RECORDED DATA
===============

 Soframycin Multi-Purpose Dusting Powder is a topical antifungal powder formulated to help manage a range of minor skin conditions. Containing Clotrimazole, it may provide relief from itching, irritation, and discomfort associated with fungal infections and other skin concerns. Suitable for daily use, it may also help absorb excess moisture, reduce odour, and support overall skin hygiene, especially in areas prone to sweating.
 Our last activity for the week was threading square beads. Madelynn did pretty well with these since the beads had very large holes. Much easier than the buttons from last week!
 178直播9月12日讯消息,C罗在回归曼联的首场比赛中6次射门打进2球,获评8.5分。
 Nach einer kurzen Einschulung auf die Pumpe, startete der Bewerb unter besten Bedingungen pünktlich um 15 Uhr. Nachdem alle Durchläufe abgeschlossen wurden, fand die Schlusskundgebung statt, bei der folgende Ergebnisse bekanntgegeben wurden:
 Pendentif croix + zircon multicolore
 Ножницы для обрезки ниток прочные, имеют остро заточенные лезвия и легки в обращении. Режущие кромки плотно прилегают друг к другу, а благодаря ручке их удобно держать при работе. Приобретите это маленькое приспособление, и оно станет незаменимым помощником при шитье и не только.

===============

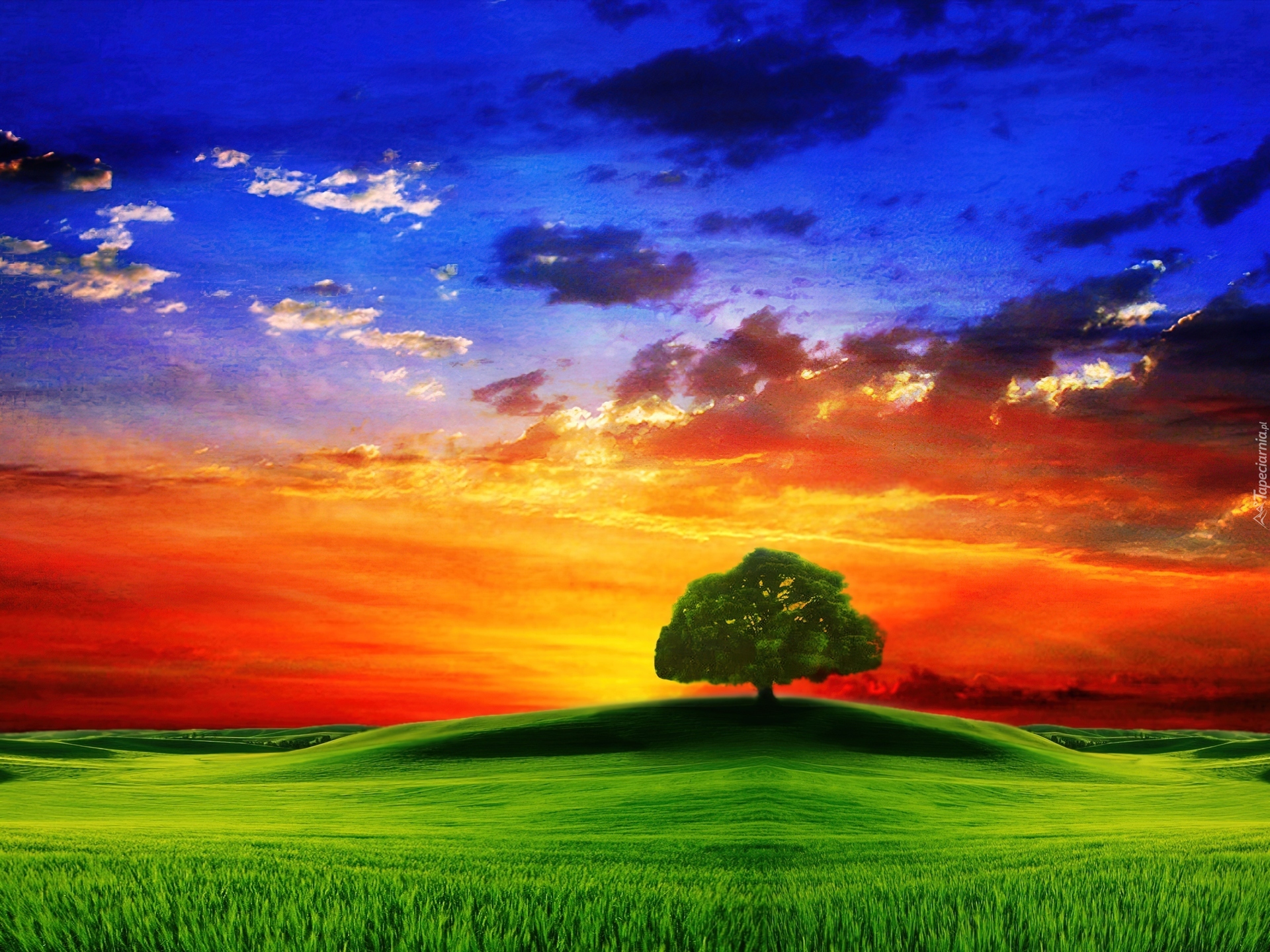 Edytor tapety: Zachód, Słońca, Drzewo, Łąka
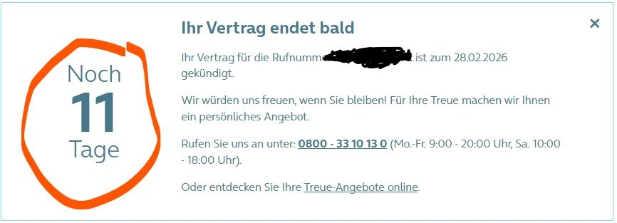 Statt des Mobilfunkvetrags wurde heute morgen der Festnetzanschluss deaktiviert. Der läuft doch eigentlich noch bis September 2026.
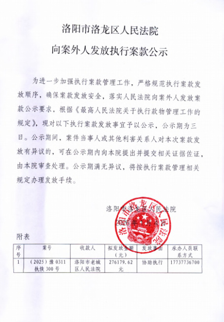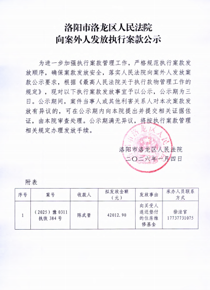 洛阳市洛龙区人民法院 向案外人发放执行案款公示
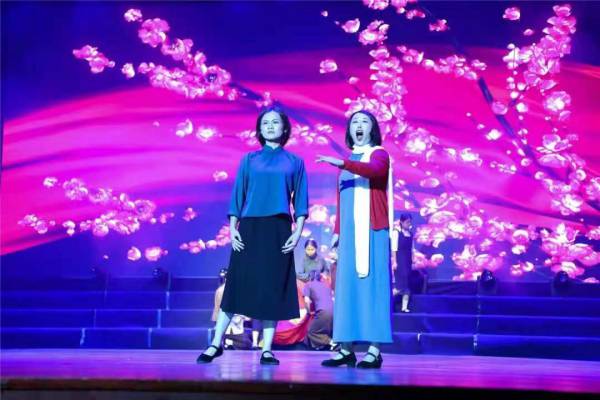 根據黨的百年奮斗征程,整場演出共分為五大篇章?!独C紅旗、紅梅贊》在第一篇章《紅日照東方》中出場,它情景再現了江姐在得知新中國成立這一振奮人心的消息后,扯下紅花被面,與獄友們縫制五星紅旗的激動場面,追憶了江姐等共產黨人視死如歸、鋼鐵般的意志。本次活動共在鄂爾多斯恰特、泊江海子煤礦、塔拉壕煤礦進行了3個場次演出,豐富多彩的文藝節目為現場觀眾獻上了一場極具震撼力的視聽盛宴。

===============

WORK TASK
The expected answer is an exact copy of the lines above, beginning at the line with "Our last activity" and ending at the line with "178直播9月12日讯消息,C罗在回归曼", with both ends in.

RESPONSE
 Our last activity for the week was threading square beads. Madelynn did pretty well with these since the beads had very large holes. Much easier than the buttons from last week!
 178直播9月12日讯消息,C罗在回归曼联的首场比赛中6次射门打进2球,获评8.5分。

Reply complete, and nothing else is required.